One of the most valuable pieces of fine art is also a political highlight from Harewood: a Portrait of George Canning, M.P. by Thomas Lawrence (estimate: £25,000-40,000). Canning served as Tory Prime Minister from April to August 1827. Also from Harewood: a Portrait of William Pitt the Younger, with the robe of the Chancellor of the Exchequer by Studio of John Hopner (estimate: £5,000-8,000) and a group of five 19th century dispatch boxes (estimate: £2,000-3,000). Apart from the Lawrence, these objects came to The Earls of Harewood in 1916, when Viscount Lascelles – later 6th Earl of Harewood and husband of The Princess Mary – received a substantial inheritance from his relative, Hubert de Burgh-Canning, 2 nd Marquess of Clanricarde, a descendant of George Canning and his family.

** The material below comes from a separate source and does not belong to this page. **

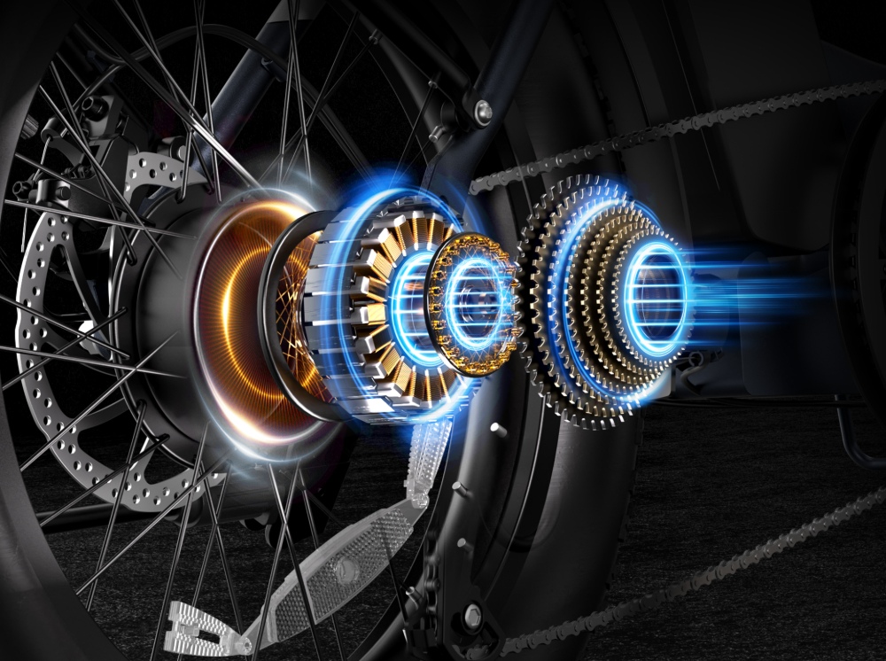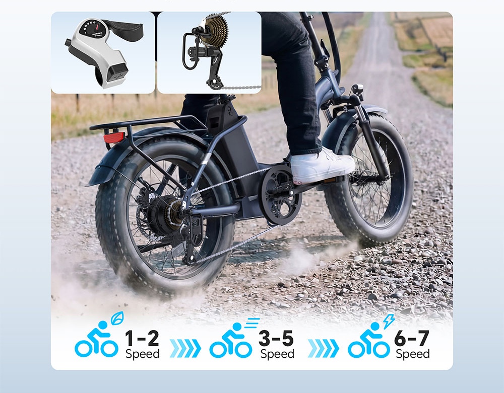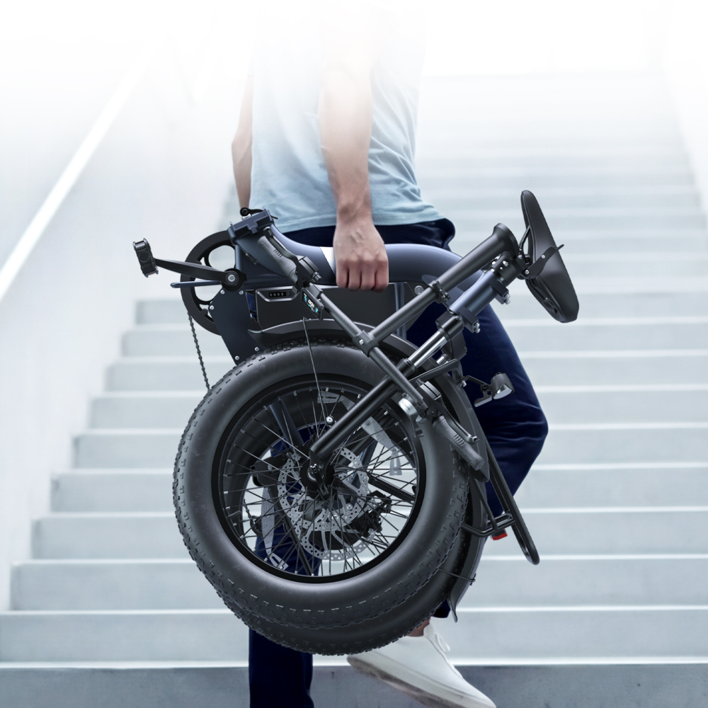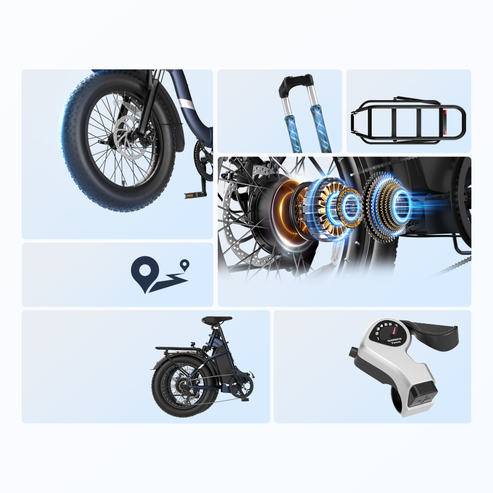 Pneus larges 20x4.0" pour une adhérence optimale sur asphalte, sable, neige et gravier. Moteur 250W (puissance de pointe 650W) et couple de 55 Nm pour gravir les pentes facilement.

Highlights for desk and library include, from The Dukes of Gloucester: a monogrammed 9-carat gold notebook holder and pen which belonged to H.M. Queen Mary (1867-1953) (estimate: £1,200-1,800); a George III mahogany library table, circa 1750 (estimate: £30,000-50,000); The history of the Royal Residences, London, 1819 by W.H. Pyne (estimate: £2,000-3,000); and a Victorian silver inkstand, mark of Martin, Hall & Co., London, 1892, with the crest of the Duke of Gloucester (estimate: £400-600). From Harewood lots include a pair of Regency painted klismos chairs, circa 1810 (estimate: £15,000-25,000).

The late Duchess of Gloucester (1901-2004) – known as H.R.H. Princess Alice following the Duke’s death in 1974 – went on to be the longest-lived member of the Royal Family. The Princess was a keen needlewoman and a highlight of the sale is a set of four 18th century cockpen armchairs, received as a wedding present in 1935, the seats of which Princess Alice embroidered over many years, one of the chairs has been signed and dated in the stitching ‘Alice 1937’ (offered as two pairs, estimate: £5,000-8,000 respectively). Prior to her marriage the then Lady Alice Montagu Douglas Scott travelled to Kenya, a world away from her native Scotland, a world she recorded with the aid of her trusty Kodak camera. The camera, embossed 'ALICE SCOTT', along with its leather case as part of a collection of early-mid 20th century leather mounted objects which also include the late Duke’s binoculars (estimate: £300-500).

The 7th Earl of Harewood (1923-2011), son of Princess Mary, was passionate about opera, having served as editor of Opera magazine, Director of The Edinburgh Festival, Director of the Royal Opera House and Managing Director of the English National Opera as well as being editor and co-author of Kobbé’s Complete Opera Book. A small collection of works in the sale represent this lifelong interest, including: a Set Design for Don Giovanni and Drop Curtain, Loxford, both by John Piper (estimates £12,000-18,000 and £10,000-15,000 respectively); a Charity Opera Factory, 1993, by Sir Eduardo Paolozzi (estimate: £1,200-1,800); and two Soviet porcelain figures of Feodor Chaliapin as Boris Godunov and a figure of Sadko (estimate: £1,500-2,500).

Step back into childhood with some perfectly timed Christmas presents for children. The collection from The Dukes of Gloucester contains a number of children’s books including first editions by A.A Milne such as Winnie the Pooh (estimate: £4,000-6,000) and The House at Pooh Corner (estimate: £1,500-2,500), as well as a doll's house dating to the second half 20th century (estimate: £400-600).